ACTIVITY:
If a record contains an image, leave the image out and repeat everything else exactly.

* * * * * * *

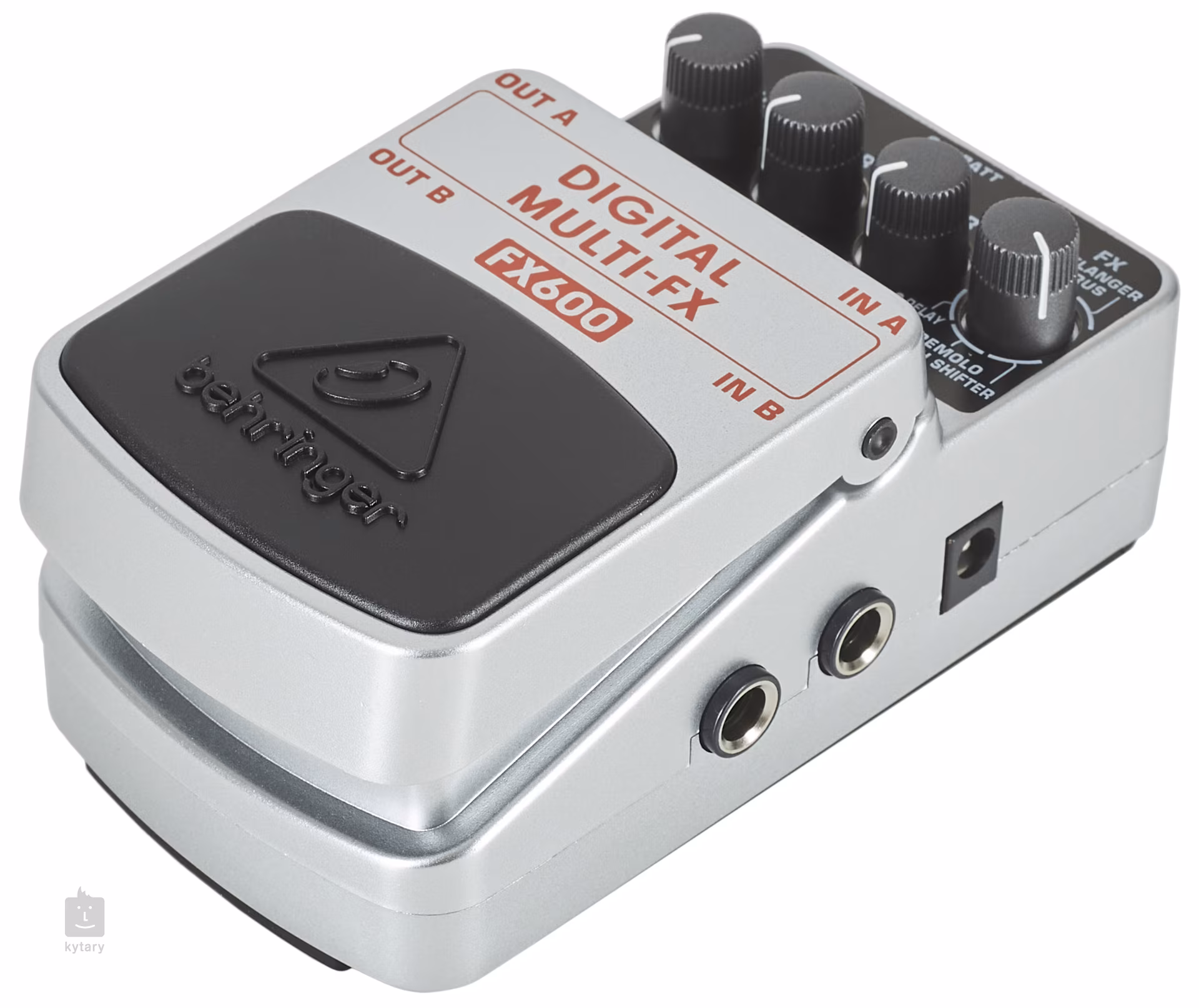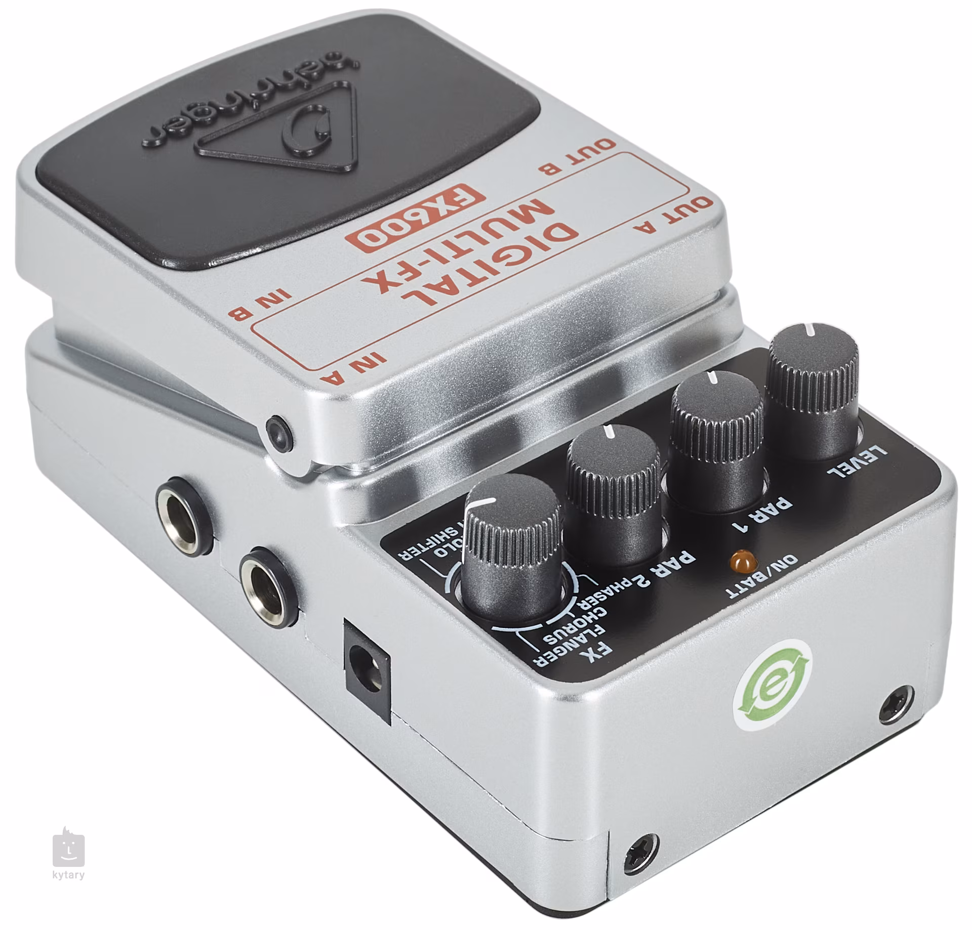 Digitální multiefekt s indikací zap./vyp. efektu a indikací stavu baterie, napájení 9V bat. nebo DC adapterém (není součástí).
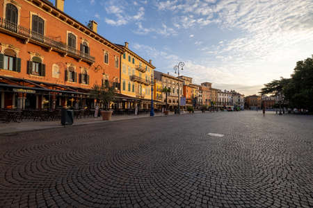 VERONA, ITALY 10 SEPTEMBER 2020: Piazza Bra in Verona in Italy at sunset
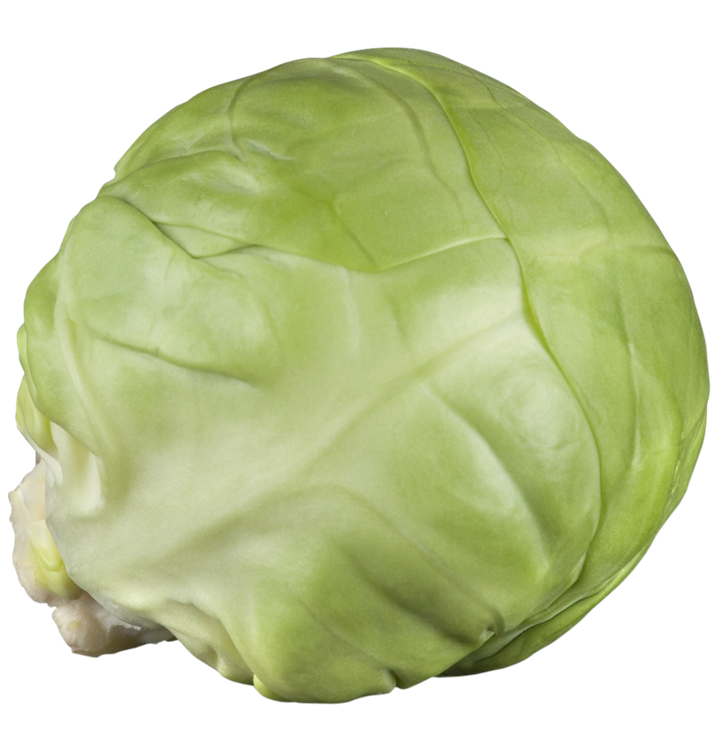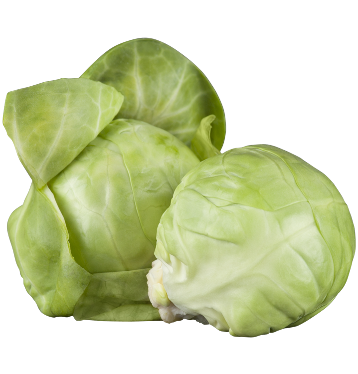 Die Blätter des Rosenkohls sind blau-grün, weiß geädert, rundlich, gewellt.
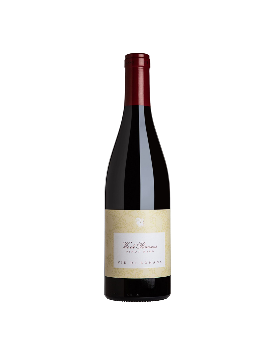 Il Friuli Isonzo DOC Pinot Nero di Vie di Romans nasce da vigneti di 10 anni coltivati su terreni mediamente profondi, con scheletro abbondante e suoli da limoso sabbiosi a limoso argillosi, dal caratteristico colore rossicciodovuto agli ossidi di ferro e alluminio, ben drenati e a bassa capacità di trattenuta idrica. La vinificazione accurata è seguita da un affinamento di 14 mesi in barrique, un mese in acciaio per l’illimpidimento naturale e 20 mesi in bottiglia, che ne affinano eleganza e complessità. Al naso sprigiona note di ribes rosso, mirtillo, ciliegia e spezie dolci, mentre al palato è fresco, equilibrato e avvolgente, con tannini setosi e lunga persistenza. Perfetto con carni rosse, selvaggina, formaggi stagionati e risotti saporiti, è un’armoniosa espressione del terroir friulano.
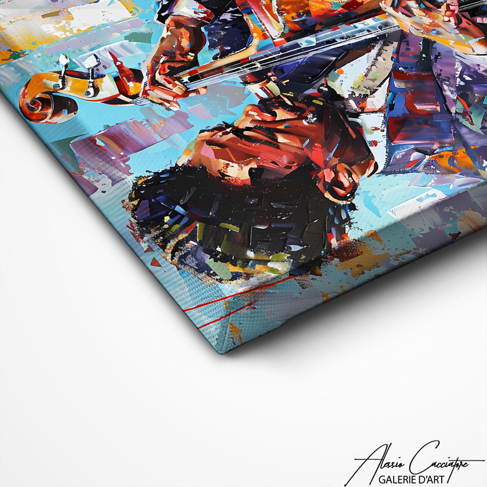 Ideal for lovers of this timeless music, this jazz painting is an invitation to dive into a universe where jazz is much more than a musical genre, it is a true sensory experience, rich in emotions and history.
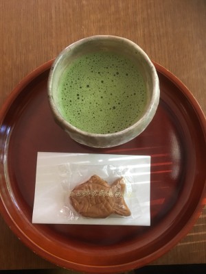 5月5日は子供の日でした。鯉のぼりにちなみ、魚の形をした和菓子を用意しました。お抹茶と美味しくいただきました。

* * * * * * *

ANSWER SECTION:
 Digitální multiefekt s indikací zap./vyp. efektu a indikací stavu baterie, napájení 9V bat. nebo DC adapterém (není součástí).
 VERONA, ITALY 10 SEPTEMBER 2020: Piazza Bra in Verona in Italy at sunset
 Die Blätter des Rosenkohls sind blau-grün, weiß geädert, rundlich, gewellt.
 Il Friuli Isonzo DOC Pinot Nero di Vie di Romans nasce da vigneti di 10 anni coltivati su terreni mediamente profondi, con scheletro abbondante e suoli da limoso sabbiosi a limoso argillosi, dal caratteristico colore rossicciodovuto agli ossidi di ferro e alluminio, ben drenati e a bassa capacità di trattenuta idrica. La vinificazione accurata è seguita da un affinamento di 14 mesi in barrique, un mese in acciaio per l’illimpidimento naturale e 20 mesi in bottiglia, che ne affinano eleganza e complessità. Al naso sprigiona note di ribes rosso, mirtillo, ciliegia e spezie dolci, mentre al palato è fresco, equilibrato e avvolgente, con tannini setosi e lunga persistenza. Perfetto con carni rosse, selvaggina, formaggi stagionati e risotti saporiti, è un’armoniosa espressione del terroir friulano.
 Ideal for lovers of this timeless music, this jazz painting is an invitation to dive into a universe where jazz is much more than a musical genre, it is a true sensory experience, rich in emotions and history.
 5月5日は子供の日でした。鯉のぼりにちなみ、魚の形をした和菓子を用意しました。お抹茶と美味しくいただきました。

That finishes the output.